- [What this task involves] Go to the line containing "成都雅安龙苍沟翠绿的水以及鸳鸯戏水的倒影" in the records below and print it and every following line exactly, on through the line containing "Круглая столешница диаметром", then stop.
⁂
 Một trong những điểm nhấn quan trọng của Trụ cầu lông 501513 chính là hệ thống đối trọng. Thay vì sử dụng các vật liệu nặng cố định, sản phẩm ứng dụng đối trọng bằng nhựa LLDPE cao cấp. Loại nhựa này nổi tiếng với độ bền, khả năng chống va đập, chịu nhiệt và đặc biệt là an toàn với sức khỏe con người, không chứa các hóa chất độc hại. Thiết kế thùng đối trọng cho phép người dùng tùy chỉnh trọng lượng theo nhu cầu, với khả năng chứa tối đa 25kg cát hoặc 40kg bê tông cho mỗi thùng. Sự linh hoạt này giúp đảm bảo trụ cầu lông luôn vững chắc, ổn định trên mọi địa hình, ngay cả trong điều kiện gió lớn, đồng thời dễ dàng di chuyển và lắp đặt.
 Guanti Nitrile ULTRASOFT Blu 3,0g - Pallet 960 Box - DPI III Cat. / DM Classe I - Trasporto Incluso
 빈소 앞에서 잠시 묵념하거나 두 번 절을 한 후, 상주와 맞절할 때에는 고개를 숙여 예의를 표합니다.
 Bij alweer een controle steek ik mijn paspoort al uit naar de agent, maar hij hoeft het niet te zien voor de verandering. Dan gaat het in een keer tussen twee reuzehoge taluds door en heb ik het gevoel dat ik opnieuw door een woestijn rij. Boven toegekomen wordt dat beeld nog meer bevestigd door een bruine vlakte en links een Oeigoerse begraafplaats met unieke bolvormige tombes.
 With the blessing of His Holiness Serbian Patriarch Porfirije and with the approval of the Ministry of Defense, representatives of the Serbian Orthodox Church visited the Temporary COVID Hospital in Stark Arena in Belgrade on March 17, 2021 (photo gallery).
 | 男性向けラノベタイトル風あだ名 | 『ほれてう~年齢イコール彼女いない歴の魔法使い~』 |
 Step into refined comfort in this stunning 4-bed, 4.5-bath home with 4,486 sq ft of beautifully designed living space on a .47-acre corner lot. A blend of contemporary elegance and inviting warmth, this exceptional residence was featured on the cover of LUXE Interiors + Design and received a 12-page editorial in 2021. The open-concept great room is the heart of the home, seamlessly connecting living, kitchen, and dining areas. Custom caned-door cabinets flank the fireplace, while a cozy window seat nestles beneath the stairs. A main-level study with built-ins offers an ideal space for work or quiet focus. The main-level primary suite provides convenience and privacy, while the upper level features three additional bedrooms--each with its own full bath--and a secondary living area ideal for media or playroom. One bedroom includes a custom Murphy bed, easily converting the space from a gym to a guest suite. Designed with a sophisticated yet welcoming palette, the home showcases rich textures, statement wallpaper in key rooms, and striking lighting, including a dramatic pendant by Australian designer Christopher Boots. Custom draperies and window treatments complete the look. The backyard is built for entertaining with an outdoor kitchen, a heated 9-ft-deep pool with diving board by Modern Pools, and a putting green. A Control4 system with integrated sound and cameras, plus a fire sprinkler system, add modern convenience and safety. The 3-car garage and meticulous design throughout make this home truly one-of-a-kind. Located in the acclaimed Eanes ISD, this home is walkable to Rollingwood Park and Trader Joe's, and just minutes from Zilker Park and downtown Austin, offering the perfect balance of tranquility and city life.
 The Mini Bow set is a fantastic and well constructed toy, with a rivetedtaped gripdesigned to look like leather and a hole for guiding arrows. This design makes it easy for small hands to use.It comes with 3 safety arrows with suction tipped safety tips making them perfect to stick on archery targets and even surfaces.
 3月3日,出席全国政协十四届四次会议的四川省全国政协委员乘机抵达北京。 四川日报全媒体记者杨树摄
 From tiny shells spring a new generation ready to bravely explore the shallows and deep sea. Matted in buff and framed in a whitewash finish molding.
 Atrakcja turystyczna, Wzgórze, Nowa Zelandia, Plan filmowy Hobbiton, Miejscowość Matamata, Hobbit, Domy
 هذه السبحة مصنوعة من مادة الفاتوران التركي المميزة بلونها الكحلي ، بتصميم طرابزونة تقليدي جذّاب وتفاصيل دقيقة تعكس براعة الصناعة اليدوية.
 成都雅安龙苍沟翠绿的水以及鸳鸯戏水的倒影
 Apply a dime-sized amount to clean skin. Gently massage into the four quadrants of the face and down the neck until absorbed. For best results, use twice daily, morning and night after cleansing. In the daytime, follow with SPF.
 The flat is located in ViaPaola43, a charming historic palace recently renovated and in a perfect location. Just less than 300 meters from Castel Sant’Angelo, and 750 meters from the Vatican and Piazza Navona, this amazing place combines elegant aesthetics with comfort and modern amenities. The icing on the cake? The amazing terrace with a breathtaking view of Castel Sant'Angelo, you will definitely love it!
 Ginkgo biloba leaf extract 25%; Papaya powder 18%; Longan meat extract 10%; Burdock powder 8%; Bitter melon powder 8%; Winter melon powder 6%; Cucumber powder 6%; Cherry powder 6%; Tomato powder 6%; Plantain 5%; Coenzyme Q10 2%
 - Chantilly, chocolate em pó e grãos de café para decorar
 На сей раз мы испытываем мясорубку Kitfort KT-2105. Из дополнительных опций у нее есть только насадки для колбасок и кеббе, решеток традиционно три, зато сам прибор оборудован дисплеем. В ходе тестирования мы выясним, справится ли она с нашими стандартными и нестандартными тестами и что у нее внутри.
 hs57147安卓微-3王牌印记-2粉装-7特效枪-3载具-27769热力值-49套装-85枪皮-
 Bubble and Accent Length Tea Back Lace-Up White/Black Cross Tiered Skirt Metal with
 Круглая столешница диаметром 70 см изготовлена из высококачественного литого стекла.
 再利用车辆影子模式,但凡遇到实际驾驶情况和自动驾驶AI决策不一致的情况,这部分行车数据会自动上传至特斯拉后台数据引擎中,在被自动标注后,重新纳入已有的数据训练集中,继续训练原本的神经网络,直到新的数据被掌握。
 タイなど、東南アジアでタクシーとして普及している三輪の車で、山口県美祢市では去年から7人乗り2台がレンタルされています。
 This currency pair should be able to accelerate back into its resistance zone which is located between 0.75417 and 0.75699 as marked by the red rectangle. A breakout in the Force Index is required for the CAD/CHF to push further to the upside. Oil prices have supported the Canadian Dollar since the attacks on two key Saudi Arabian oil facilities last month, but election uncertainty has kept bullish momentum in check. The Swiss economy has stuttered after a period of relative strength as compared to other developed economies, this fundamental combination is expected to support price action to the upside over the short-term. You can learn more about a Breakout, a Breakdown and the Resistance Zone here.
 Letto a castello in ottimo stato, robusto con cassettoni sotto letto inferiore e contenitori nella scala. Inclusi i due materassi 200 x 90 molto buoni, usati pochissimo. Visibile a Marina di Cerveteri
⁂
- [Answer space]
 成都雅安龙苍沟翠绿的水以及鸳鸯戏水的倒影
 Apply a dime-sized amount to clean skin. Gently massage into the four quadrants of the face and down the neck until absorbed. For best results, use twice daily, morning and night after cleansing. In the daytime, follow with SPF.
 The flat is located in ViaPaola43, a charming historic palace recently renovated and in a perfect location. Just less than 300 meters from Castel Sant’Angelo, and 750 meters from the Vatican and Piazza Navona, this amazing place combines elegant aesthetics with comfort and modern amenities. The icing on the cake? The amazing terrace with a breathtaking view of Castel Sant'Angelo, you will definitely love it!
 Ginkgo biloba leaf extract 25%; Papaya powder 18%; Longan meat extract 10%; Burdock powder 8%; Bitter melon powder 8%; Winter melon powder 6%; Cucumber powder 6%; Cherry powder 6%; Tomato powder 6%; Plantain 5%; Coenzyme Q10 2%
 - Chantilly, chocolate em pó e grãos de café para decorar
 На сей раз мы испытываем мясорубку Kitfort KT-2105. Из дополнительных опций у нее есть только насадки для колбасок и кеббе, решеток традиционно три, зато сам прибор оборудован дисплеем. В ходе тестирования мы выясним, справится ли она с нашими стандартными и нестандартными тестами и что у нее внутри.
 hs57147安卓微-3王牌印记-2粉装-7特效枪-3载具-27769热力值-49套装-85枪皮-
 Bubble and Accent Length Tea Back Lace-Up White/Black Cross Tiered Skirt Metal with
 Круглая столешница диаметром 70 см изготовлена из высококачественного литого стекла.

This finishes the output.